BishopAccountability.org
Eliminate Statue of Limitations on Child Abuse Lawsuits

The Star-Ledger
December 18, 2011

http://blog.nj.com/njv_editorial_page/2011/12/eliminate_statue_of_limitation.html

When a victim of childhood sexual abuse steps forward in search of justice, the only standard should be truth. Because of the evasive, enduring nature of childhood abuse, the statute of limitations is an artificial hurdle that should be eliminated.

Last week, advocates for abuse victims asked top New Jersey lawmakers to move on a stalled bill that would eliminate the statute of limitations entirely for lawsuits alleging childhood sex abuse. New Jersey abolished the statute of limitations on criminal sex abuse cases in 1996. The logic for civil cases should be the same — the doors to justice should remain open as long as necessary.

Statutes of limitations are meant to encourage swift justice — to ensure criminal charges or civil suits are filed while evidence and memories are fresh. The current New Jersey limit on child sex abuse is two years after abuse is linked to later problems. That's not enough.
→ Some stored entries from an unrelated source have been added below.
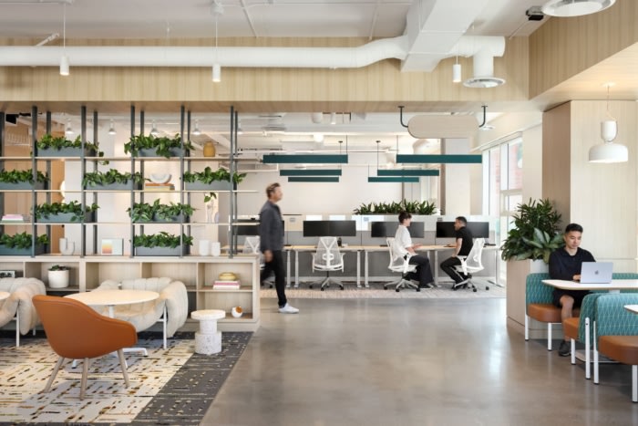 办公室设计效果图:融合了分层的照明方法、柔软的家具和温暖的调色板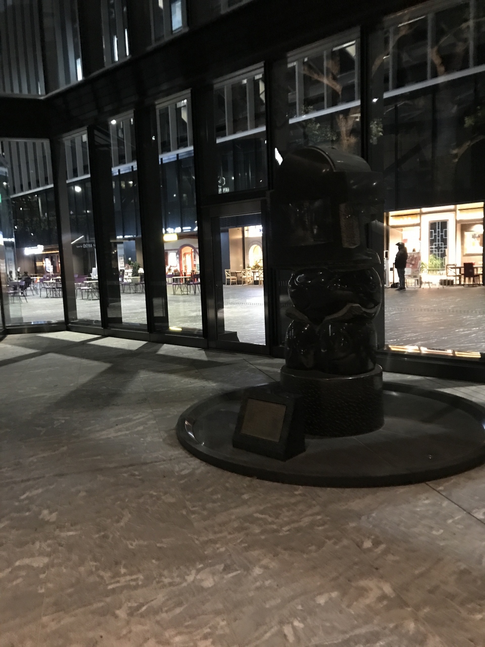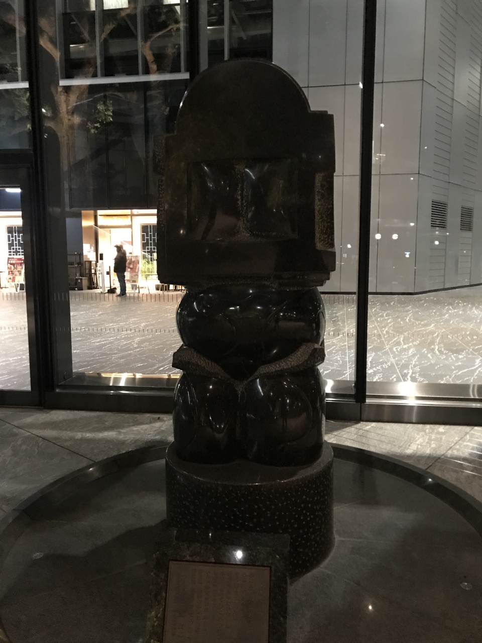 出雲大社の弁財天のようで黒っぽい不思議な形をした石像でした。
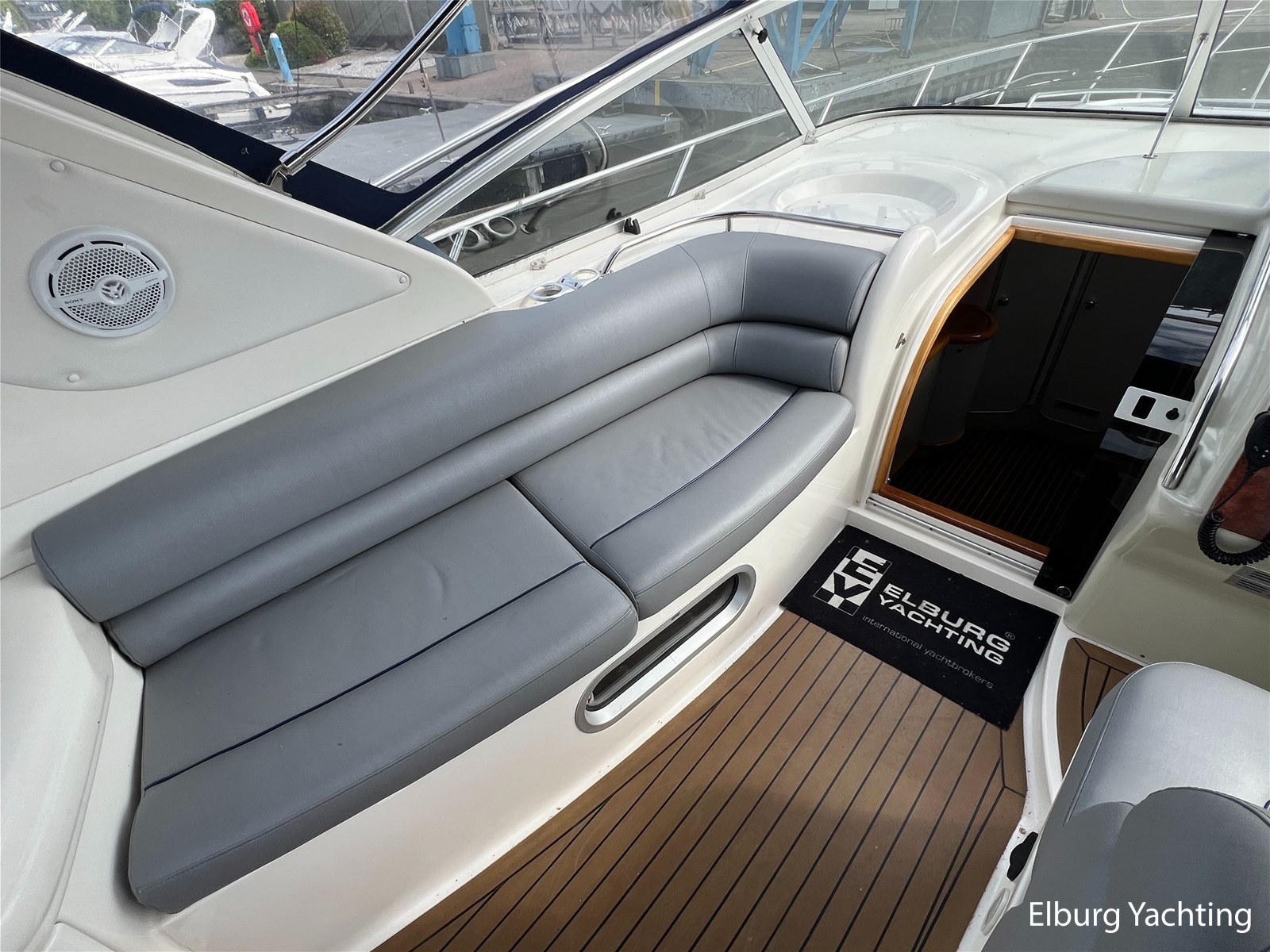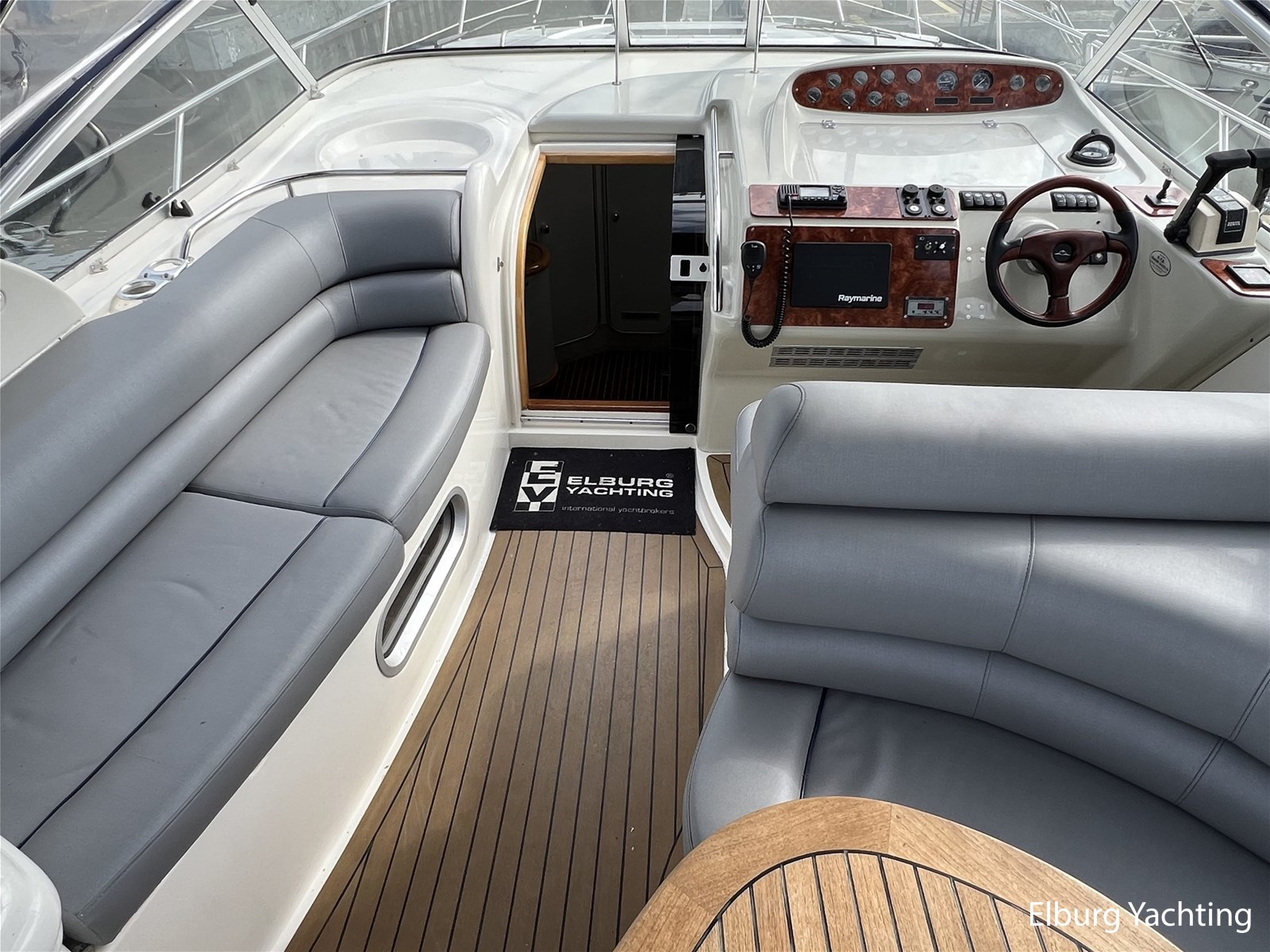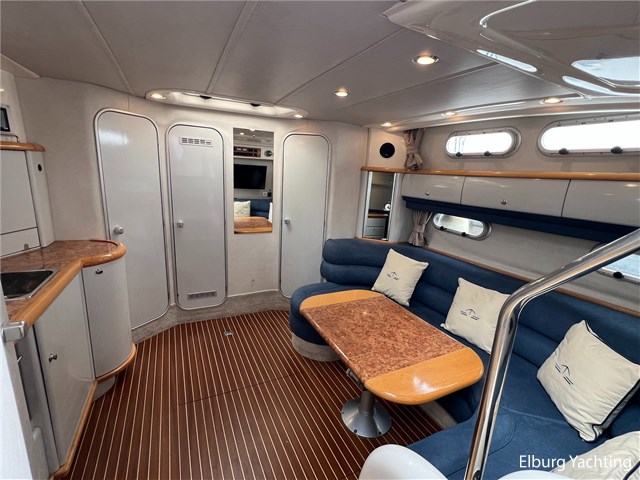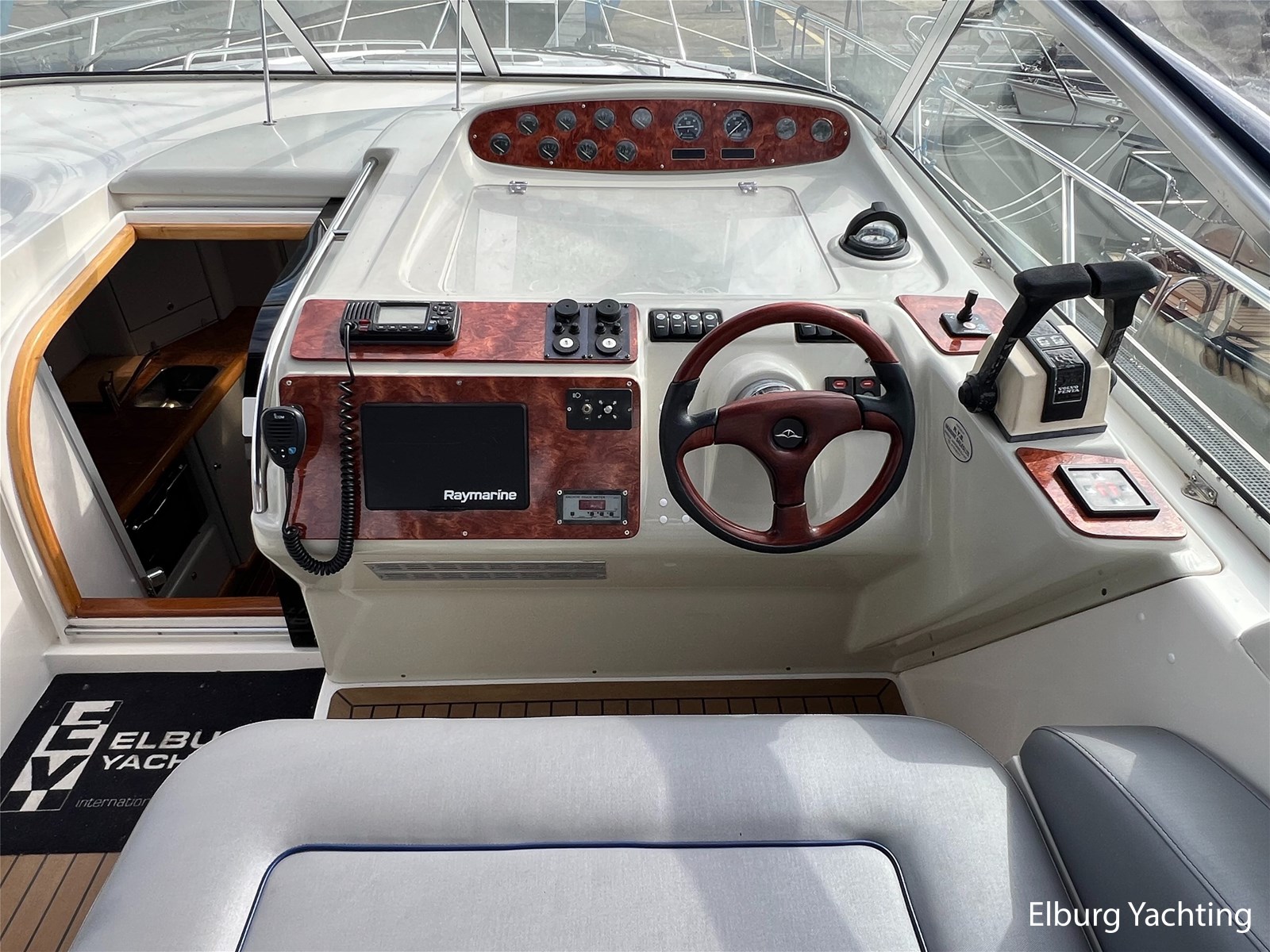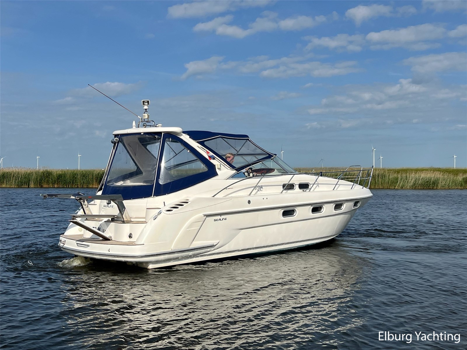This 1996 Sealine S37 is a fast going motoryacht with a spacious living area on deck level and a comfortable saloon below deck. In the open cockpit there is a U-shaped fixed bench with removable cushions. The cockpit table can be lowered to create a large sunbed. Opposite there is an outdoor refrigerator with sink (hot/cold). The steering position has a 2-person pilot seat from where you have a clear view on the instruments. The entire cockpit is equipped with a low-maintenance synthetic teak deck. The ship has a two-cabin layout with the owner's cabin in the foreship equipped with a 2-person French bed and the 2-person guest cabin amidships. In recent years, much has been invested in the ship in service and improvements on board. The latest renovations were carried out in 2023, including a new teak floor in the saloon, upholstery inside + outside, multiple 230V sockets type F, carpeting and curtains, cockpit tent, maintenance on both engines and Z-drives. This Sealine S37 is furthermore equipped with: Lighting in open cockpit, many stainless steel details on deck, pilot seat for 2 persons, full tent around open cockpit with removable parts, leather upholstery in cockpit, sunbed on the foredeck, wetbar in cockpit with refrigerator and sink, integrated cup holders, foldable table at the outdoor seating area so that it can be converted into a sunbed, TV in saloon (2023), Sony radio (2023), foldable/removable gangway on the bathing platform. For questions and/or to make an appointment, you are welcome at Elburg Yachting 7 days a week.

Childhood sex abuse creates a different kind of victim. Child victims need time — to remember the crime, connect it to destructive adult behaviors, build courage to act. A child victim still deserves justice 30 years later.

Moreover, those who commit sex crimes against children don't stop with age. A man who abused children in the 1970s may be abusing others today.

For many childhood sex abuse victims, the civil courts are their only recourse. What most seek is justice, not money. They want their pain acknowledged and their abuser punished — in whatever form that takes.

When victims of childhood sexual abuse step forward to tell their stories, they should find the courthouse doors open to them. In the name of acknowledging past abuse and preventing future assaults, eliminate New Jersey's time limits on such lawsuits.